At the far edge of the ecosystem sits something remarkable: LiveKit support for the ESP32, a low-cost microcontroller commonly used in IoT devices. This means you can build a hardware device — a smart speaker, a voice-controlled appliance, an embedded kiosk — that connects directly to a LiveKit room and participates in voice AI conversations.

The ESP32 integration represents the logical extreme of LiveKit's "everything is a participant" philosophy. A five-dollar microcontroller with a microphone and speaker becomes a full room participant, publishing and subscribing to audio tracks, receiving text streams, and interacting with AI agents — all through the same room model that powers browser and mobile applications.

This is not a toy.
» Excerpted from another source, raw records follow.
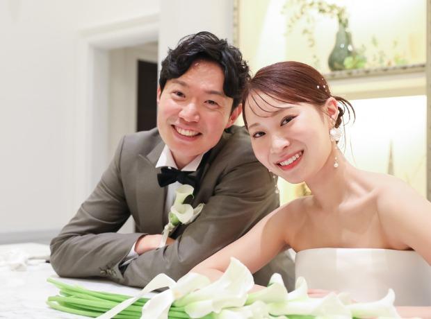 メイン席は、おしゃれなハイチェアを使用し、緑が沢山あるコーディネートに。マーメイドドレスが映える装飾をフラワーコーディネーターさんに提案してもらいました。乾杯をすると、披露宴会場に大きく広がるカーテンが一斉にオープンして、より明るく開放的な雰囲気に。ゲストそれぞれとグラスを交わしながら、感謝を伝えることができました。
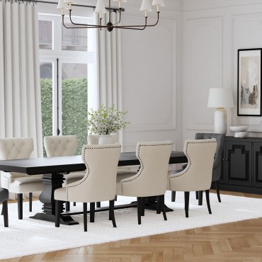 This four-door sideboard offers a refined blend of storage and style, perfect for dining and entertaining spaces. Crafted from pine, plywood, and pine veneer, it features a beautifully planked top that enhances its rustic charm. Raised panel doors lend a classic, sophisticated appeal, while the spacious interior includes two nested drawers with self-closing metal slides for effortless organization. This versatile piece functions beautifully as a server, providing ample space for dishware and linens. With its elegant craftsmanship, it also serves as a buffet, adding both convenience and timeless appeal to any home.
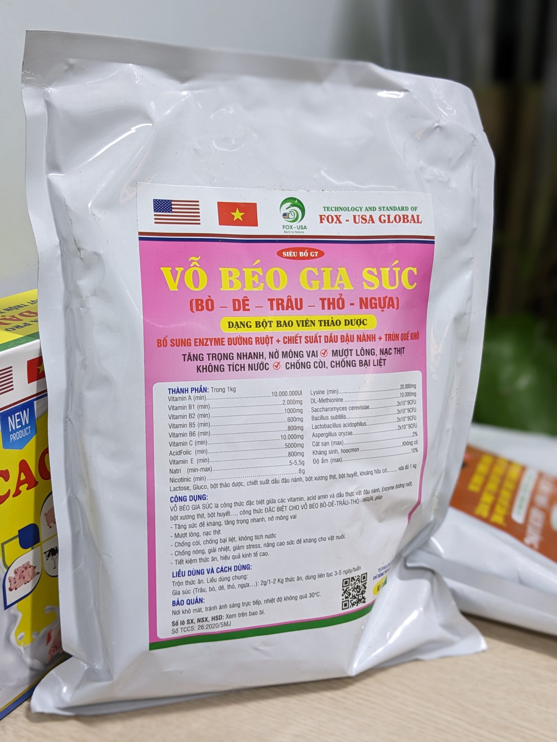 Vitamin A, Vitamin B1, Vitamin B2, Vitamin B5, Vitamin B6, Vitamin C, Acid Folic, Vitamin E, Natri, Nicotinic, Lysine, DL-Methionine, Saccharomyces cerevisiae, Bacillus subtilis, Lactobacillus acidophilus, Aspergillus oryzae, Cát sạn, Lactose, Glucose, bột thảo dược chiết suất dầu đậu nành, bột xương thịt, bột huyết, khoáng hữu cơ vừa đủ 1kg

Voice AI on embedded hardware opens use cases that browser and mobile apps cannot serve: always-on devices in physical spaces, industrial equipment with voice interfaces, accessibility devices, and hardware products with conversational AI built in.

Test your knowledge

Question 1 of 2

What is the primary difference between LiveKit client SDKs and server SDKs?

The ecosystem as competitive advantage

Consider the full picture:

Category	Platforms covered
Web	All modern browsers via JavaScript/TypeScript
Mobile	iOS (Swift), Android (Kotlin), cross-platform (Flutter, React Native)
Desktop	macOS, Windows, Linux via C++, Rust, Unity
Games/3D	Unity (C#)
Embedded/IoT	ESP32, any platform via C++ or Rust
Server	Python, Node.js, Go, Ruby, Kotlin/Java, PHP, Rust
AI agents	Python, Node.js

No other realtime platform covers this range. Competing platforms typically cover web and mobile, with limited or no support for desktop, games, embedded, or AI agents. The breadth of LiveKit's ecosystem means you can start with a web prototype, add a mobile app, integrate a voice AI agent, deploy to hardware — all using the same platform, the same room model, the same conceptual API.

What's happening

SDK ecosystem breadth is a compounding advantage. Every new SDK expands the set of applications that can be built on the platform, which attracts more developers, which justifies investment in more SDKs. LiveKit's coverage — from ESP32 microcontrollers to Unity games to server-side Go — represents years of sustained investment in making the platform accessible everywhere developers need it. For teams evaluating realtime infrastructure, this breadth significantly de-risks the choice: wherever your application needs to go next, LiveKit can follow.